**Problem**
Starting at the line that contains "Plně vybavené apartmány", repeat each line of the listing below through the last one, exactly, and leave out every picture.

**Given material**
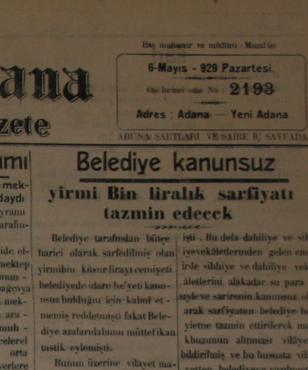 (*) Yeni Adana Gazetesi 06 08 Mayıs 1929 tarih
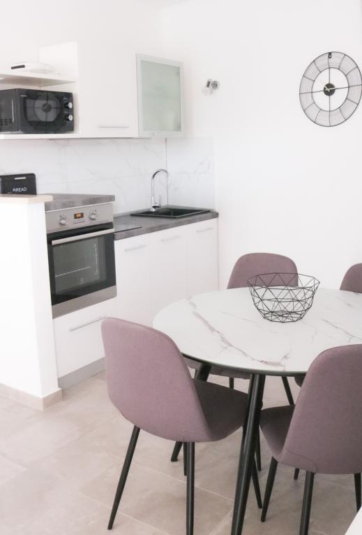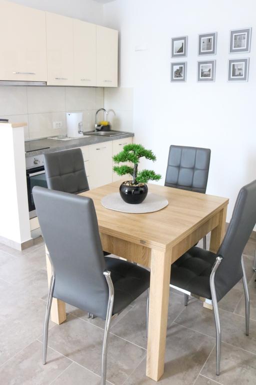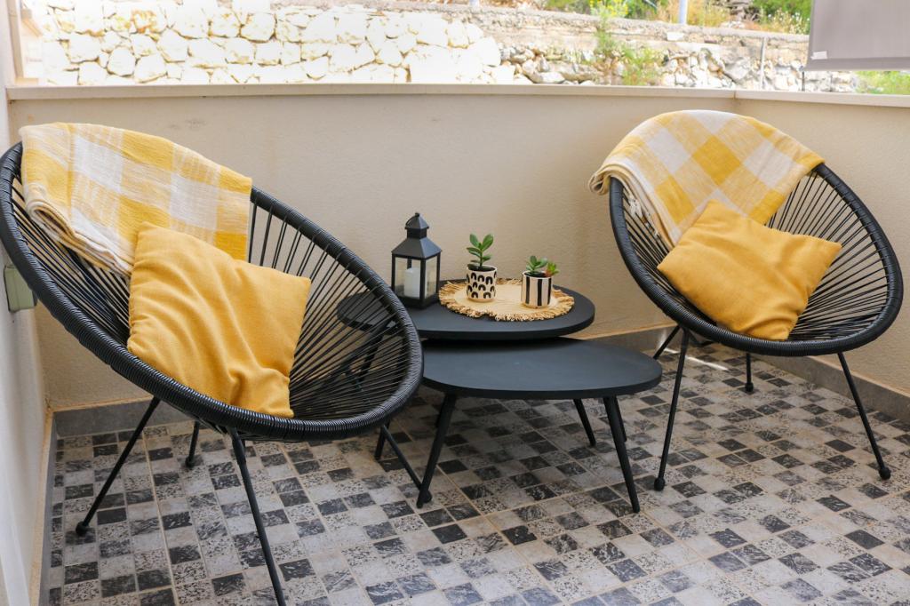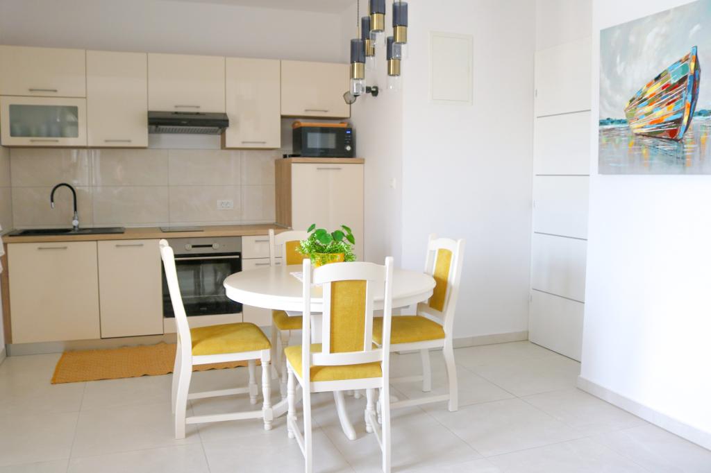 Plně vybavené apartmány dle nových podmínek kategorizace.Apartmány jsou moderně zařízené. Nachází se v klidné zátoce. Zařízení se nachází přímo u moře. Budova byla nově postavena v roce 2022. Do centra, které je vzdálené pouhé 4 kilometry, se dostanete autem, na kole, po dálnici nebo přes město Slađenovići.
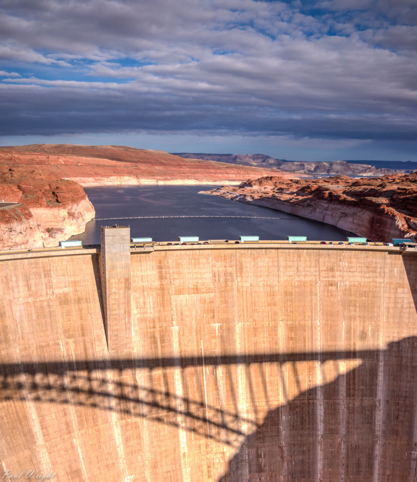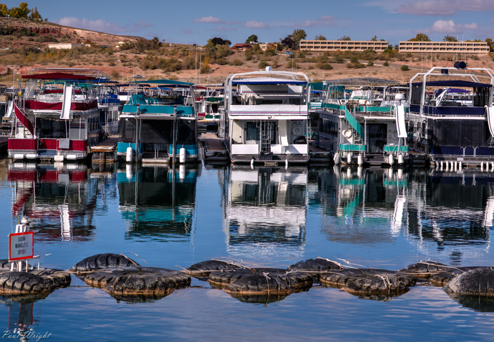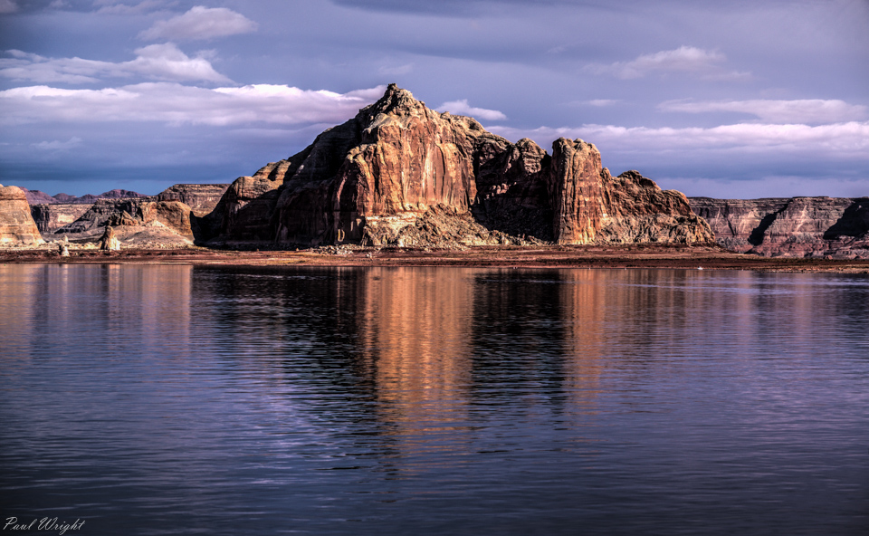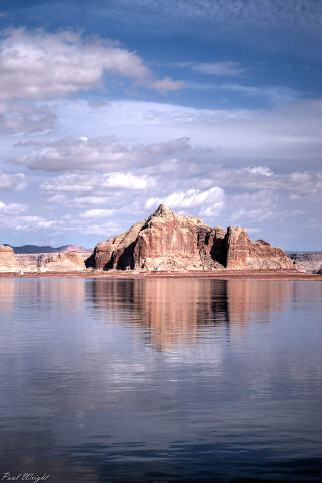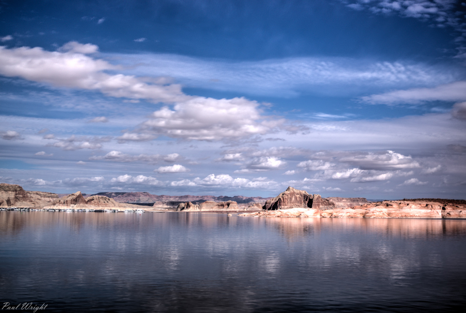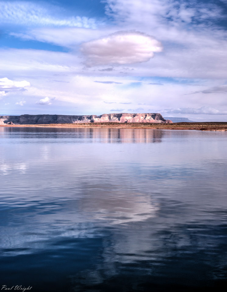 Tranquil water, mountains and clouds, Lake Powell, Arizona

**Task answer**
 Plně vybavené apartmány dle nových podmínek kategorizace.Apartmány jsou moderně zařízené. Nachází se v klidné zátoce. Zařízení se nachází přímo u moře. Budova byla nově postavena v roce 2022. Do centra, které je vzdálené pouhé 4 kilometry, se dostanete autem, na kole, po dálnici nebo přes město Slađenovići.
 Tranquil water, mountains and clouds, Lake Powell, Arizona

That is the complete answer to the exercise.